== Exercise details ==
Using the line with "The food at" as your starting point, transcribe it and each line beneath it word for word until the records run out, without pictures.

== Material shown ==
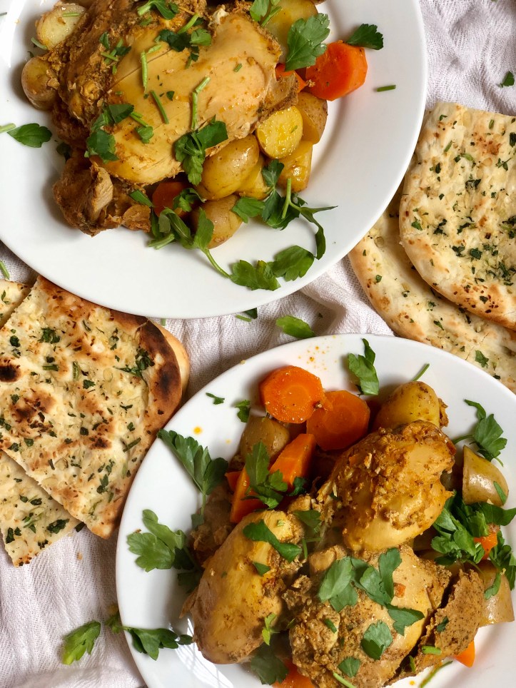 I ended up serving dinner tonight with some of Trader Joe’s garlic naan too, but you can easily keep it paleo by not including the naan bread! Although, garlic naan is pretty good with it. 🙂
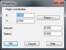 By clicking on the list of elements included in the category, a preview may be seen on the right-hand side of the dialog box. The element may be eliminated from the library by clicking on the Delete button, or it may be included in the drawing by clicking on Draw, in which case a dialogue box appears requesting the azimuth and Station coordinates for the point of origin.
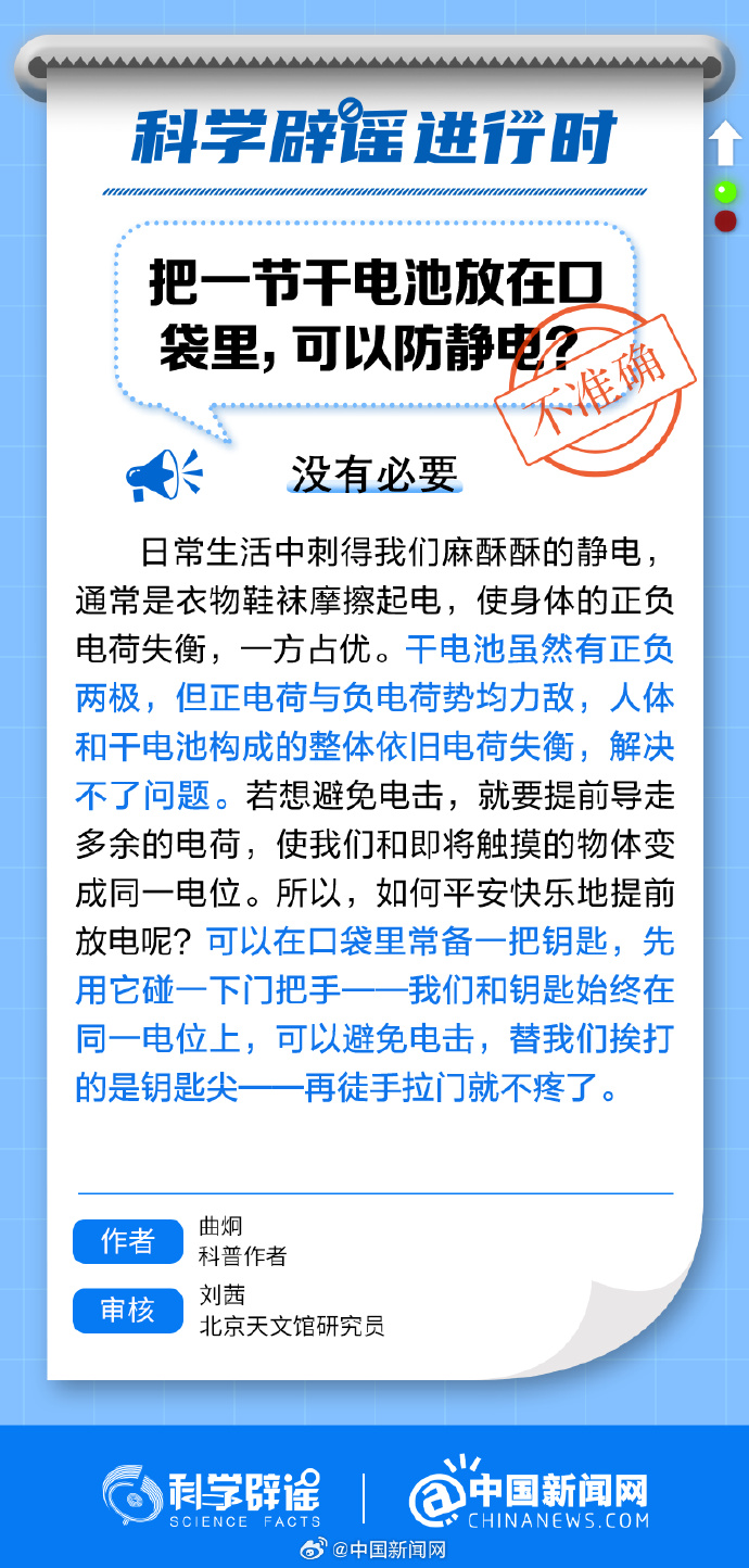 中新網(wǎng)1月11日電 干電池雖然有正負兩極,但正電荷與負電荷勢均力敵,人體和干電池構(gòu)成的整體依舊電荷失衡,解決不了問題。若想避免電擊,就要提前導(dǎo)走多余的電荷,使我們和即將觸摸的物體變成同一電位。所以,如何平安快樂地提前放電呢? 可以在口袋里常備一把鑰匙,先用它碰一下門把手。(來源:@科學(xué)辟謠 中國新聞網(wǎng))
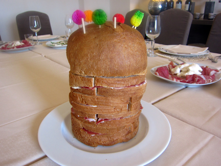 The food at Alessia Perucci’s Masseria Le Fabriche was exceptional and the meals rigorously traditional yet equally and wonderfully creative. But, standing nearly 2 feet in height, no one could quite figure out how to consume this brioche stuffed with prosciutto and cheese. It was a sight, nonetheless, to behold!
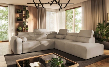 Narożnik z funkcją spania Cantare IX beżowy prawostronny komfortowy narożnik rozkładany nowoczesny design pluszowa tkanina
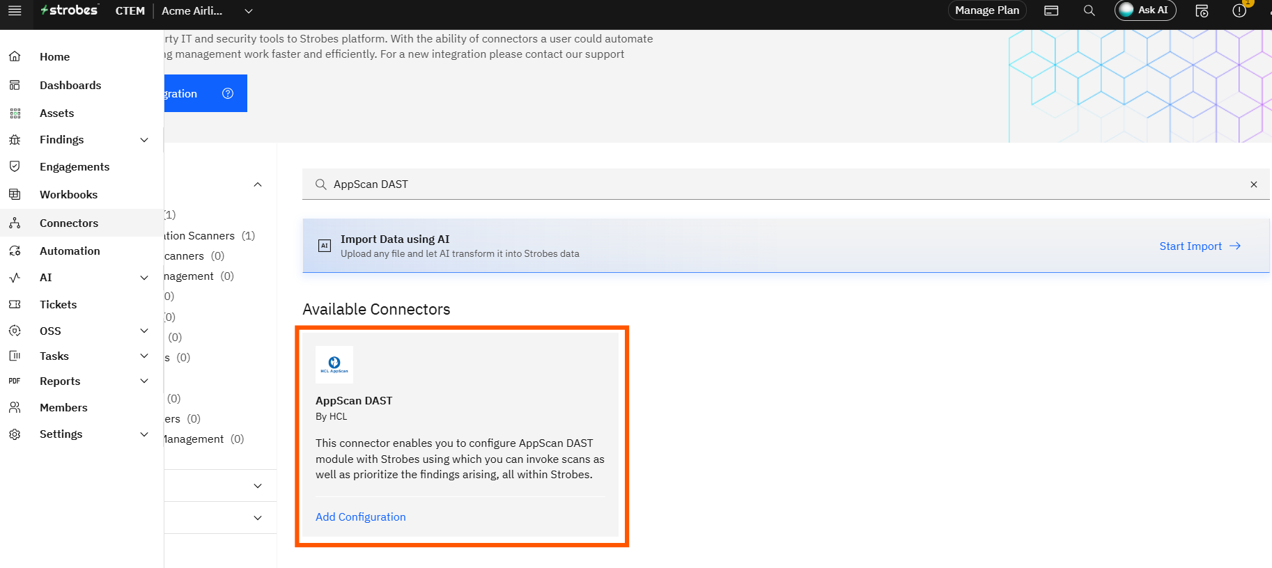 - Once you have configured your credentials, navigate to 'Dynamic Application Scanners' under 'Connectors' and click on 'AppScan DAST'.
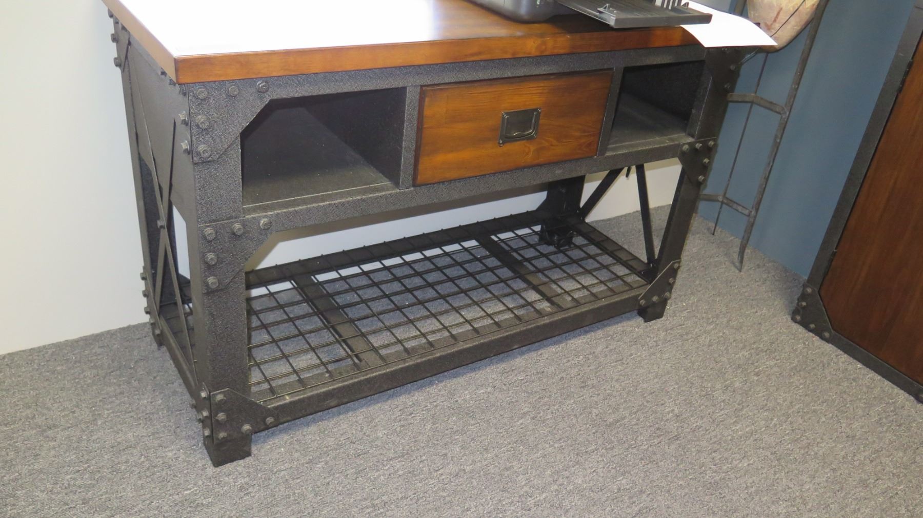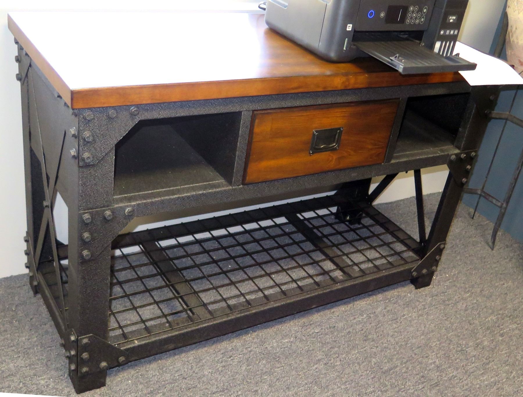 Modern Metal & Wood Table w/ Drawer & Undershelf

== Your solution ==
 The food at Alessia Perucci’s Masseria Le Fabriche was exceptional and the meals rigorously traditional yet equally and wonderfully creative. But, standing nearly 2 feet in height, no one could quite figure out how to consume this brioche stuffed with prosciutto and cheese. It was a sight, nonetheless, to behold!
 Narożnik z funkcją spania Cantare IX beżowy prawostronny komfortowy narożnik rozkładany nowoczesny design pluszowa tkanina
 - Once you have configured your credentials, navigate to 'Dynamic Application Scanners' under 'Connectors' and click on 'AppScan DAST'.
 Modern Metal & Wood Table w/ Drawer & Undershelf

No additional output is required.